Assignment : Course Project-Modeling and the Learning Plan
Throughout this course, you will complete a project that follows the process you will use on the job to understand consumer behavior in relation to a product, service, or brand. You will then utilize that knowledge to reach and influence the consumer through a marketing plan. By following the process of learn, understand, interpret, and influence the consumer, you will not only have a thorough understanding of the meaning of consumer behavior, you will also be able to use those interpretations and insights to develop motivating and meaningful marketing and advertising. This will, in turn, influence the consumer by living in their minds and touching their hearts.
This project will allow you to immerse yourself in the world of the consumer-to see things as them, to react to things as they do, and to understand what causes their behaviors. During the project, you will observe and learn about consumer behavior first hand. You will also have the opportunity to determine the segments of consumers you will target.
This project will let you look at a target consumer with an opportunity to understand all the perspectives of consumer behavior as it relates to products-decision making and selection, advertising, and marketing of that selected consumer. Throughout the next five and a half weeks, you will be working on different steps that will come together to form a consumer profile, which will become part of a marketing plan.
Tasks
Part Two
Advertising students: The client assigned to you and your manager is a leader in the household products industry; they sell everything from laundry detergent to toothpaste. Aware of the so-called graying America, they want to capture the increasing population of older Americans living on a fixed income. The client wants to introduce a line of products priced to compete with generic brands, with the emotional connect older consumers feel for brands they used their whole lives but can no longer afford.

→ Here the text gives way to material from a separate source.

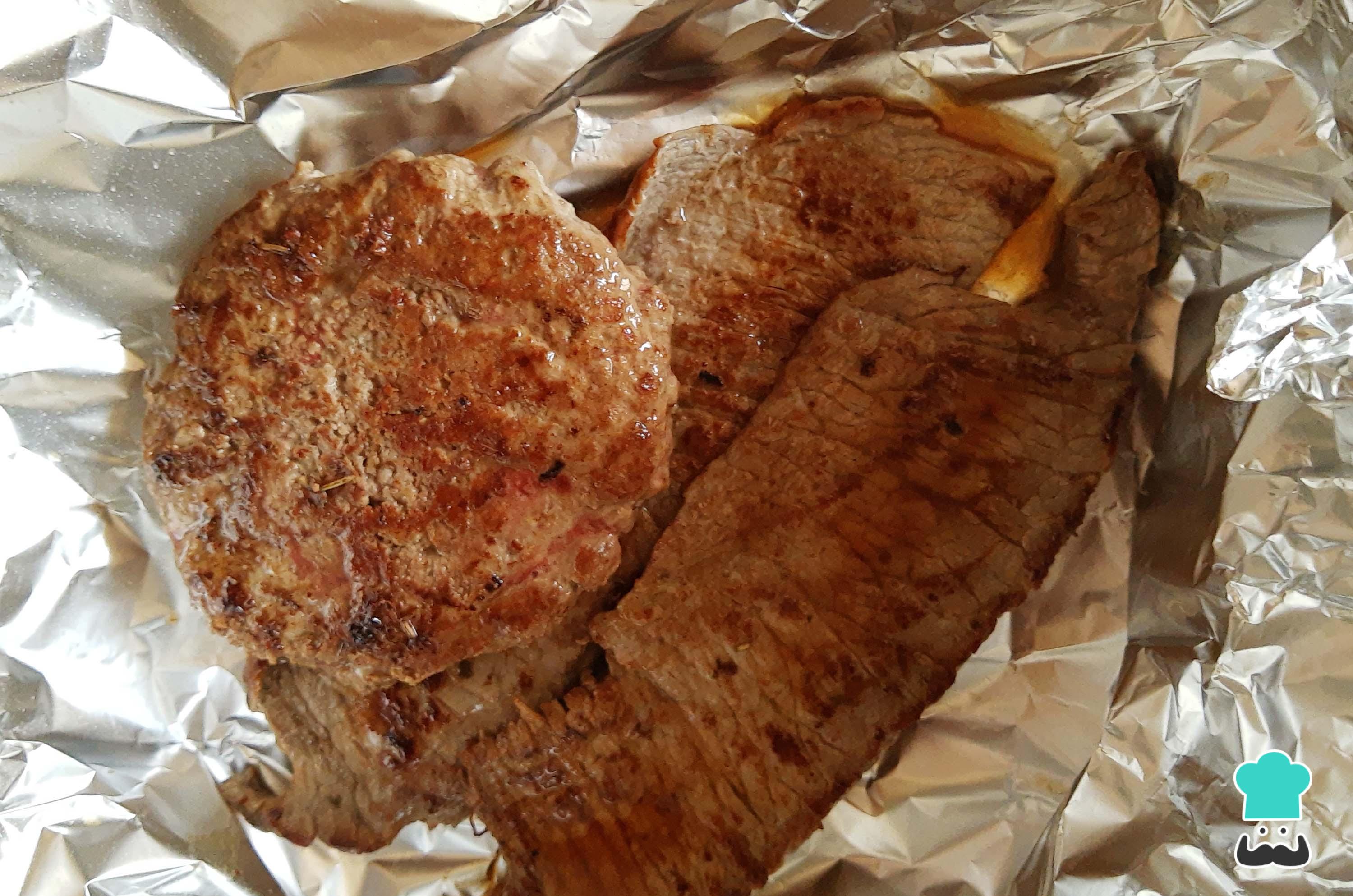 Cuando la arrachera ya este cocida, colócala sobre papel aluminio, cubre bien para que repose y suelte sus jugos.

Think about who the target consumer for this product will be. Determine some of the demographics of this target, such as:
• What will be the age and gender of the person most likely to purchase this product? Why do you think so?
• What might be their income level?
• What is the selling price of this product and how necessary is it?

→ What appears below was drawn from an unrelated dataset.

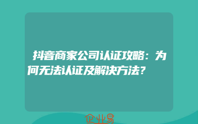 - 抖音商家公司认证攻略:为何无法认证及解决方法?

• What does their household look like?
• Are they married? Do they have children?
• Are they more likely to be of one ethnicity than another?
• Do more of them live in one part of the country than another?
Determine some of the psychographics of your target, such as:
• What do they do with this product?
• What do they think about using this product?
• How do they feel about this product?
• How does this product fit into their lives?
Create a learning plan; capture your model and hypotheses. In other words, capture the information and think about what this means in the context of the consumer's life. During this step, you are building your model of the target consumer. The model is designed to show all the information you know about the consumer. Put this information in a table format, identifying the demographic and psychographic areas where your knowledge is complete.
After identifying all of the data you have on the consumer and some of the information you believe about the consumer, identify the gaps in your knowledge. Look for insights you will still need to learn or verify. These gaps are information that, as you review your knowledge, you identify as "missing."
For example, you think you know the age and gender of the potential target, but you are not sure what income level may be the best to target. Alternatively, you may know age, gender, and income but not what the average household looks like. You may also know what the consumer uses the product for but not how they use it or how they feel about it. Capture these questions in points.
Group your questions or gaps identified above by the method you intend to use to gather the missing information, which is either primary or secondary research.
After completing the required areas, you would have completed part one, which comprises what you know (your model), what you need to know, and how you will go about gathering the missing information. Track how long it takes you to compile this information. Many tasks are billed to clients based upon the time to complete; this will start to make you aware of your billable hours.